[Start of Attachment]

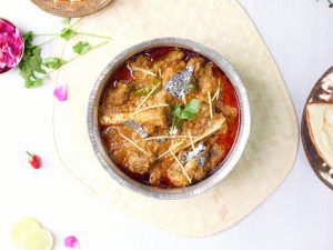 -On a muslin cloth,add black cardamom,cinnamon sticks,cloves,mace,nutmeg,cumin seeds,dried rose petals & tie to make a potli (bouquet garni) & add it in pot.
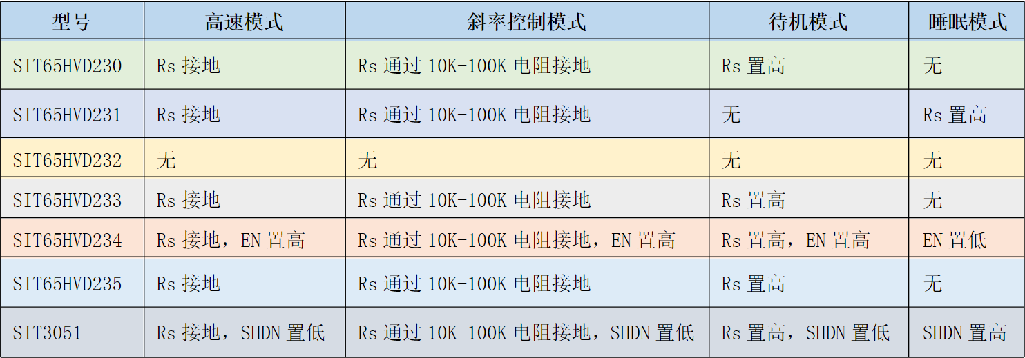 表2 芯力特3.3V CAN收發器系列芯片模式切換表
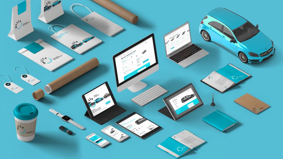 Поэтому мы постарались сделать его лёгким и незамысловатым, без излишеств. На разных носителях логотип обыгрывает автомобильную атрибутику — колесо, тахометр, руль.
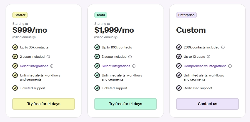 Automate: Designed for enterprise businesses, includes everything in Essential, plus fully customizable automated CRM workflows, key account behavior tracking, etc.
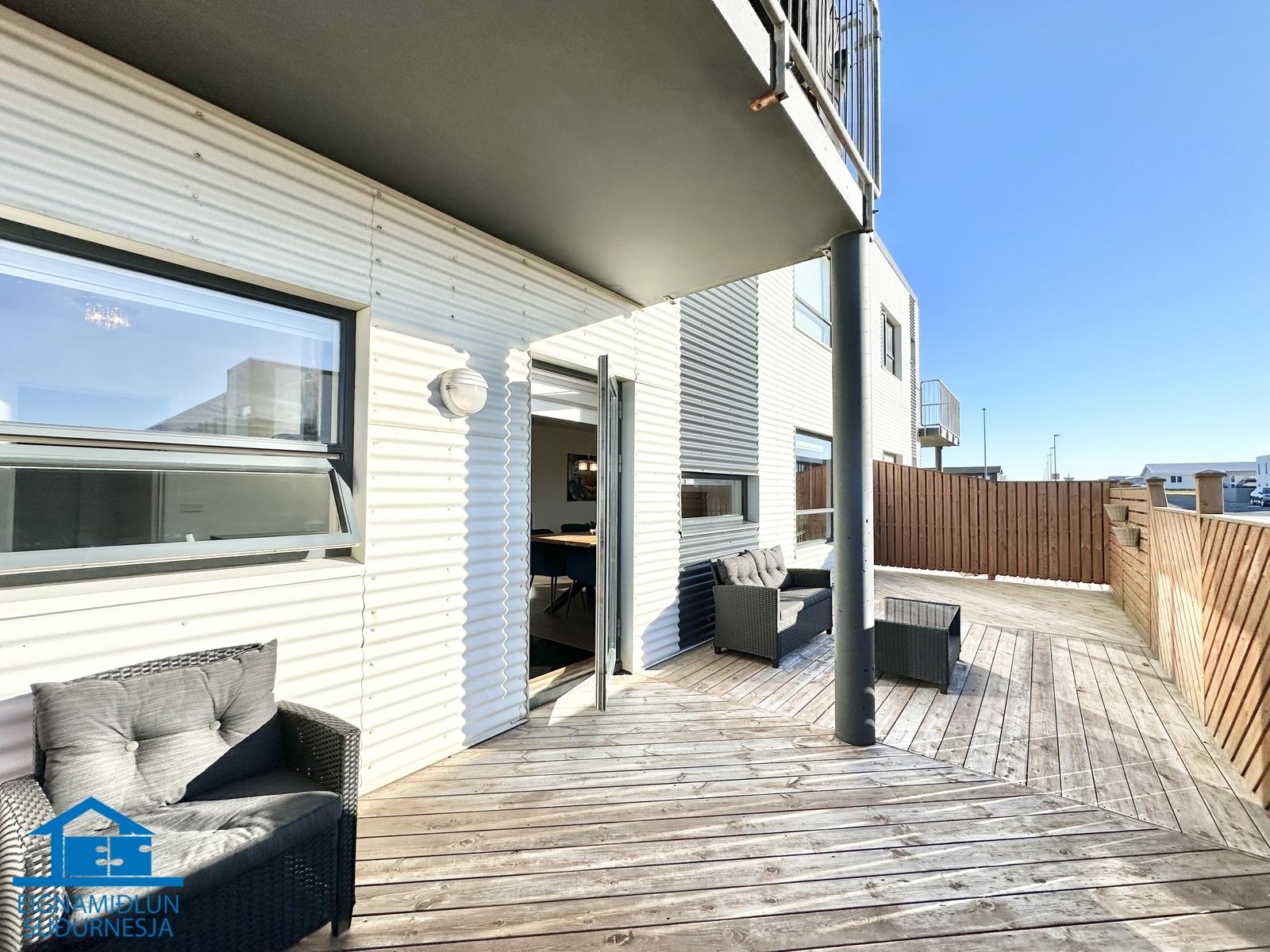 Stofa, borðstofa og eldhús eru í opnu björtu rými með parketi á gólfi. Þar er útgengt út á afgirtan sólpall.
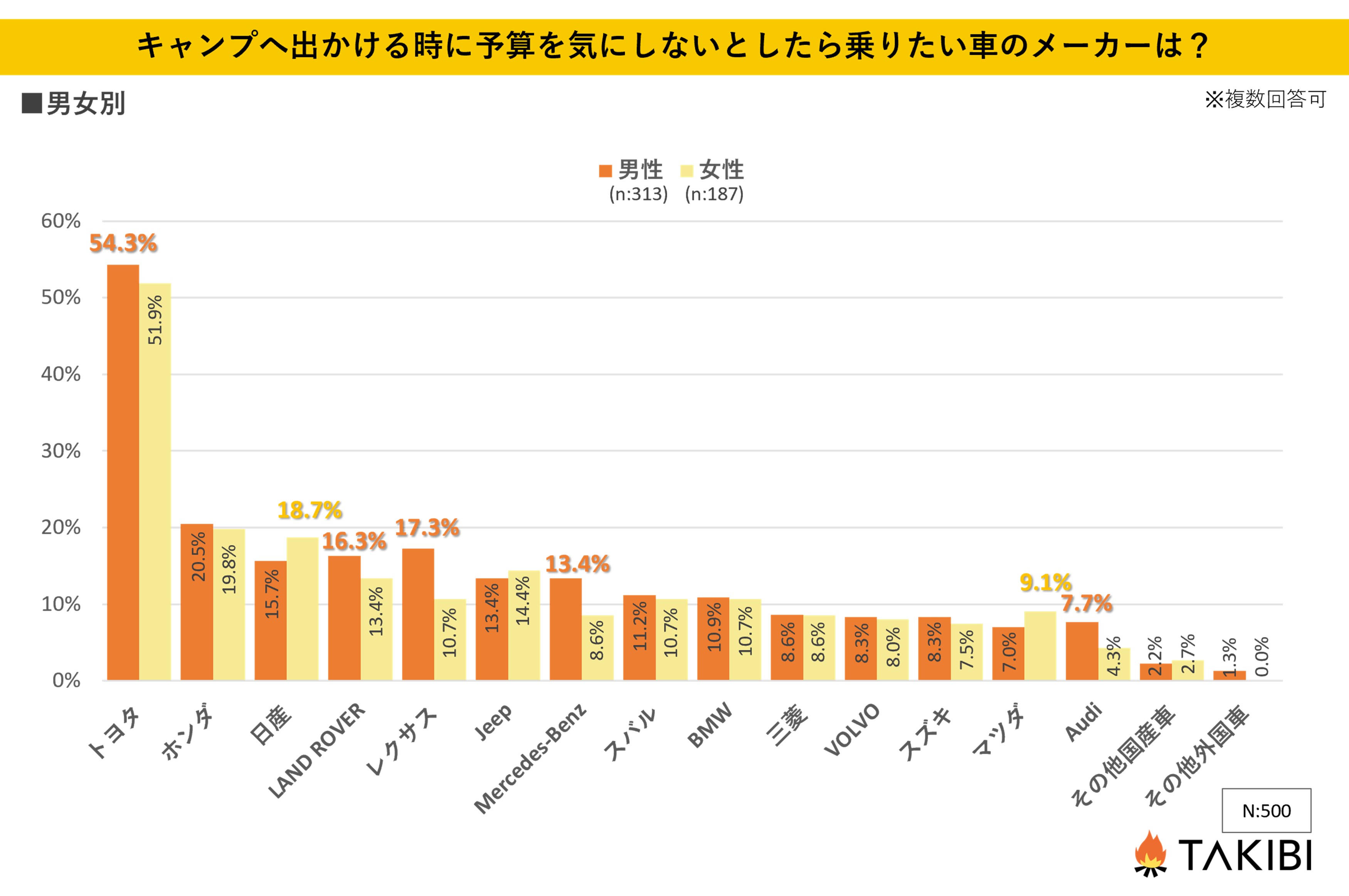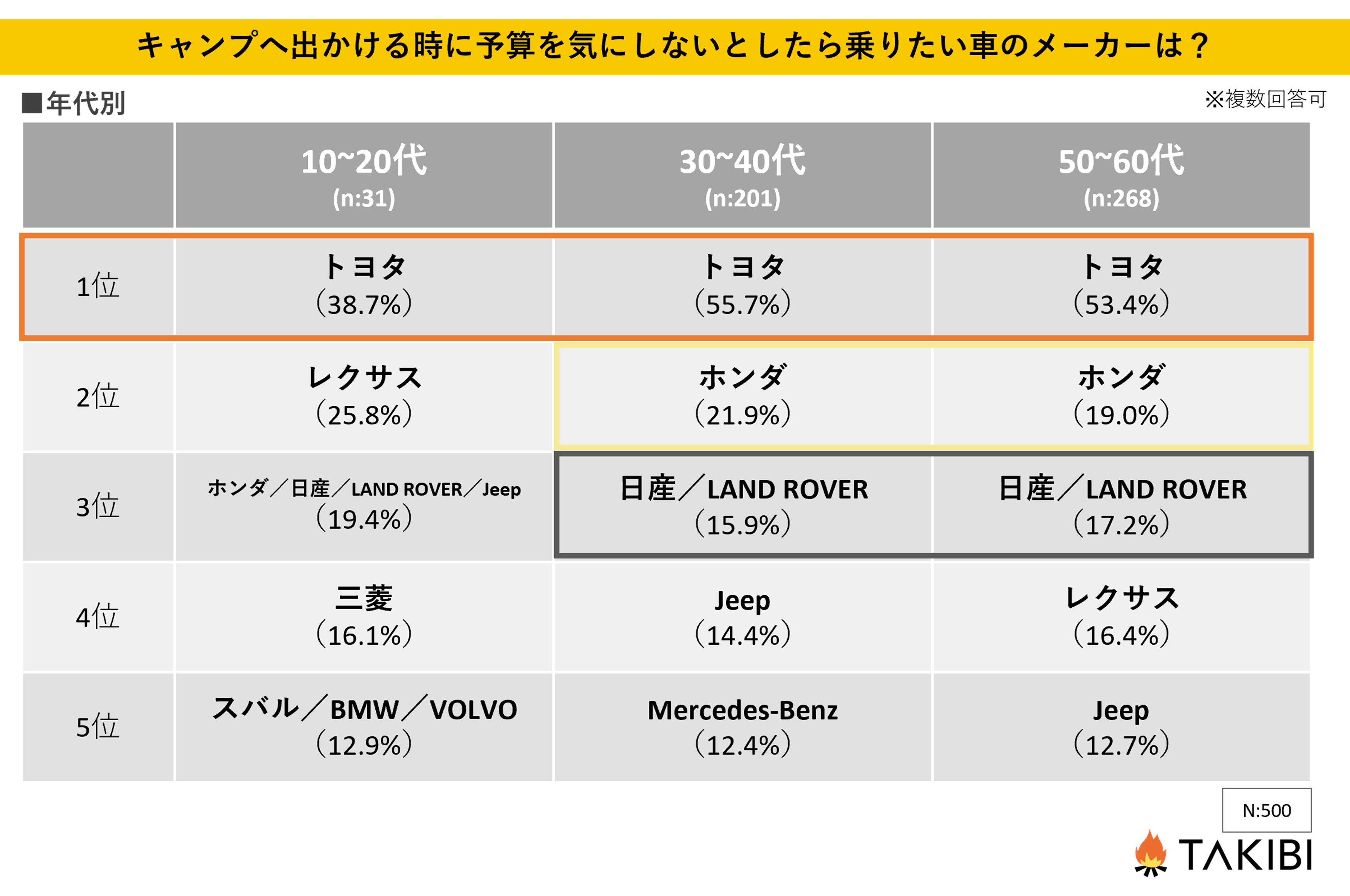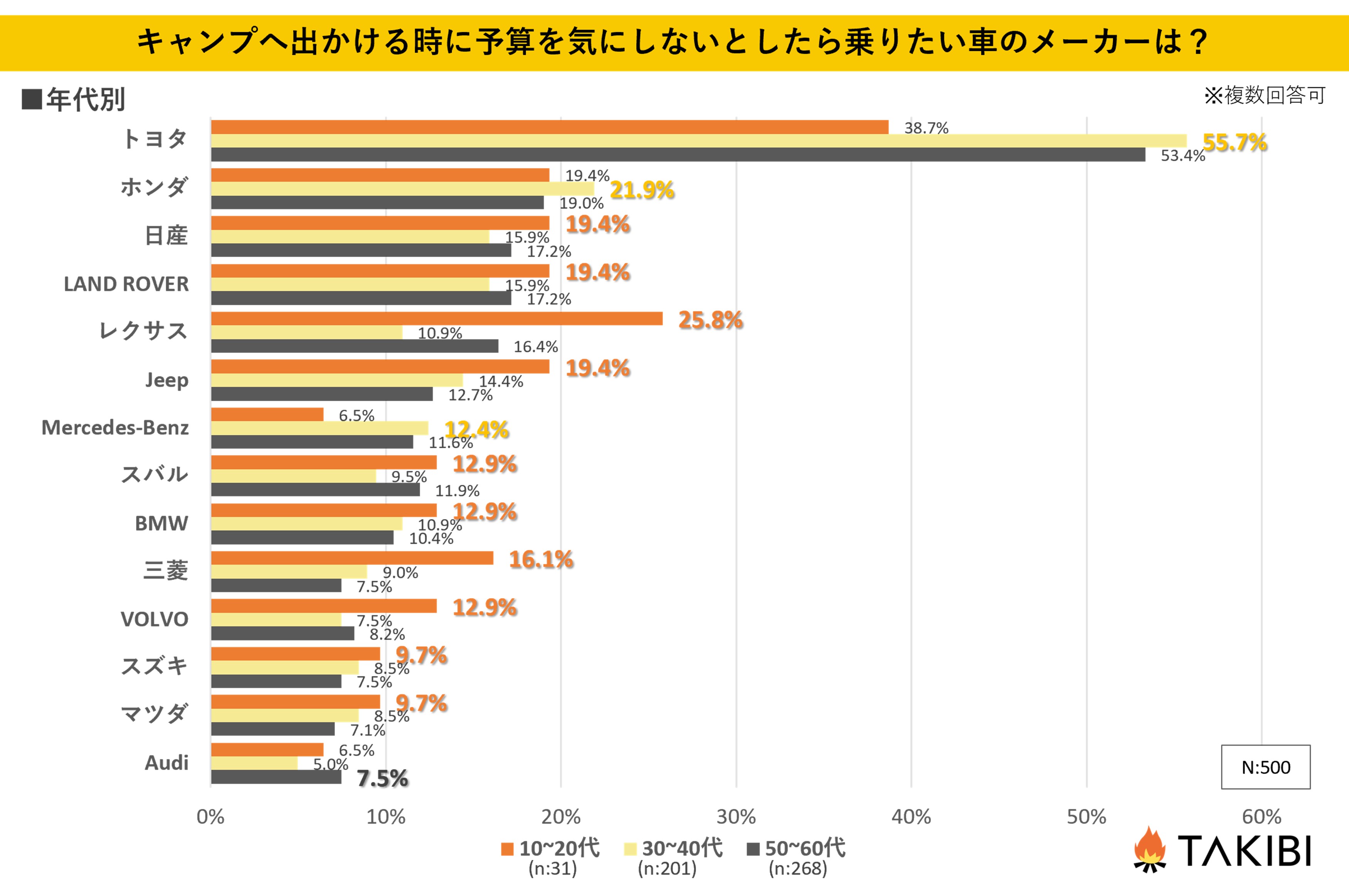 【質問:キャンプへ出かける時に予算を気にしないとしたら乗りたい車のメーカーは何ですか?】
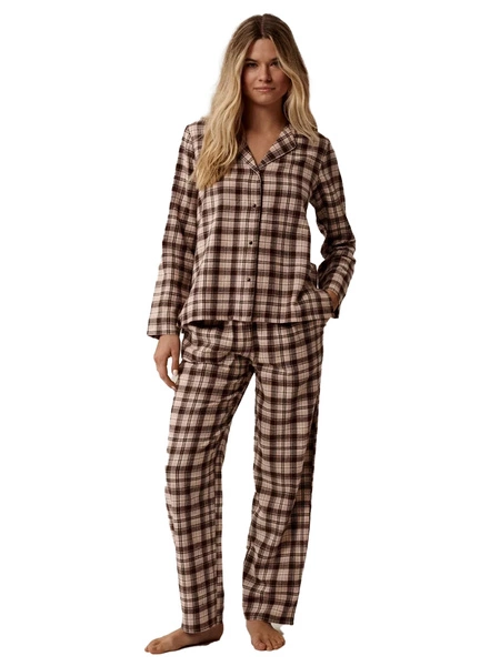 Damen Schlafanzug Serie nlp-505 Kariert Ecru-Braun-Beige

[End of Attachment]

ABOUT THIS EXERCISE => From the records above, copy only the lines running from the line holding "表2 芯力特3.3V CAN收發器系列芯片模式切換表" through the line holding "Automate: Designed for", with no pictures.

ANSWER TO THE EXERCISE =>
 表2 芯力特3.3V CAN收發器系列芯片模式切換表
 Поэтому мы постарались сделать его лёгким и незамысловатым, без излишеств. На разных носителях логотип обыгрывает автомобильную атрибутику — колесо, тахометр, руль.
 Automate: Designed for enterprise businesses, includes everything in Essential, plus fully customizable automated CRM workflows, key account behavior tracking, etc.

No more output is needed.